4.4. Depth of Hidden Layer in Network (RQ3)

Our proposed models capture the higher-level and non-linear relations between items by virtue of neural networks with deep hidden layers. The hidden layers of our models play a vital part in learning higher-order item interactions in the way of non-linearity. As there is relatively little work on learning the complex interaction function between items based on deep neural networks, it is curious to see whether leveraging a deep architecture is propitious to bring about encouraging performance in modeling higher-order relations in a non-linear way for quality prediction or not. In the final part of experiments, we further investigate DeepICF with different number of hidden layers, omitting the DeepICF+a model here owing to space limitation.

The experimental results are provided in the Table  4. The DeepICF-4 for instance, refers to the DeepICF model with four hidden layers and other notations are in the same. As we can see that to some extent it is beneficial for DeepICF to stack more non-linear hidden layers so as to better capture the higher-order relations between items and then generate promising performance. This result is highly encouraging, indicating the effectiveness of using deep architecture for complex item relations learning. Such advance is credited to the higher-order and non-linear item relations brought by stacking more non-linear hidden layers. In order to certify this, we further attempted to stack linear layers, replacing ReLU with an identity function as the activation function of hidden layers. The corresponding experimental performances are much worse than utilizing ReLU function. This provides evidence to the necessity of learning higher-order interactions between items with non-linear functions. Owing to space limitation, we omit the results of using identity function as activation function.

Embedding Size DeepICF-1 DeepICF-2 DeepICF-3 DeepICF-4
8 0.6424 0.3707 0.6444 0.3740 0.6444 0.3741 0.6444 0.3743
16 0.6833 0.4081 0.6854 0.4086 0.6881 0.4113 0.6884 0.4107
32 0.7022 0.4236 0.7051 0.4278 0.7048 0.4276 0.7050 0.4320
64 0.7116 0.4327 0.7131 0.4386 0.7156 0.4362 0.7124 0.4388
8 0.8679 0.5379 0.8692 0.5415 0.8705 0.5454 0.8719 0.5458
16 0.8804 0.5547 0.8792 0.5607 0.8806 0.5631 0.8810 0.5608
32 0.8844 0.5669 0.8852 0.5654 0.8857 0.5680 0.8844 0.5692
64 0.8858 0.5708 0.8865 0.5691 0.8865 0.5720 0.8870 0.5742
Table 4. HR@10 and NDCG@10 of DeepICF with different hidden layers (embedding size = 16). The best result is highlighted as bold font.

5. Related Work

The core to a personalized recommender system lies in collaborative filtering, namely modeling the preference of users towards items according to the their historical interactions. In this section, we briefly review the related literature about collaborative filtering from the following three aspects.

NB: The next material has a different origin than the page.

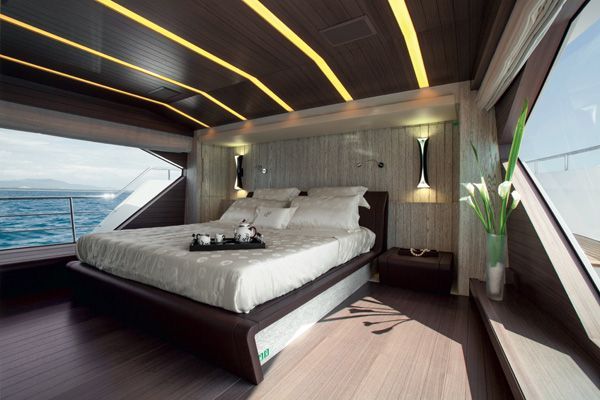 三层甲板为乘客提供更加宽敞的生活空间,而且为客人设立独立的空间,保证其隐私。尤为值得一提的是,主甲板全景玻璃增加了光线的照射面积,让人畅享海上悠闲的生活。驾驶舱大面积的玻璃则使舵手可以获得180度的开阔视野。5间卧室可以接待10位客人,其中主人套房位于主甲板,而4间客卧则位于下层甲板。

5.1. User-based Collaborative Filtering Models

UCF has been extensively investigated in bost academia and industry. The UCF task with explicit feedback (e.g., user ratings), which directly reflects the preference of users on items, is usually formulated as a rating prediction problem (Koren, 2008; Sarwar et al., 2001). The target is to minimize the overall errors between the known ratings and the corresponding prediction scores. Among various UCF approaches, matrix factorization has been the frequently praised model due to its simplicity and effectiveness. Biased MF is proposed to further enhance the performance of traditional MF in the problem of rating prediction. Researchers in (McAuley and Leskovec, 2013; Wang et al., 2017; Lian et al., 2018; Liao et al., 2018; Shi et al., 2017; Sun et al., 2017) introduced extra information like review texts and social relations into MF so as to address the rating sparsity issue. Among numerous MF-based approaches, SVD++ has been proven to be the best single model in terms of fitting user ratings. SVD++ firstly factorizes the user-item rating matrix with implicit feedback (Koren, 2008) and is followed by lots of techniques for recommender systems (Rendle et al., 2009; He and McAuley, 2016; Wang et al., 2018a).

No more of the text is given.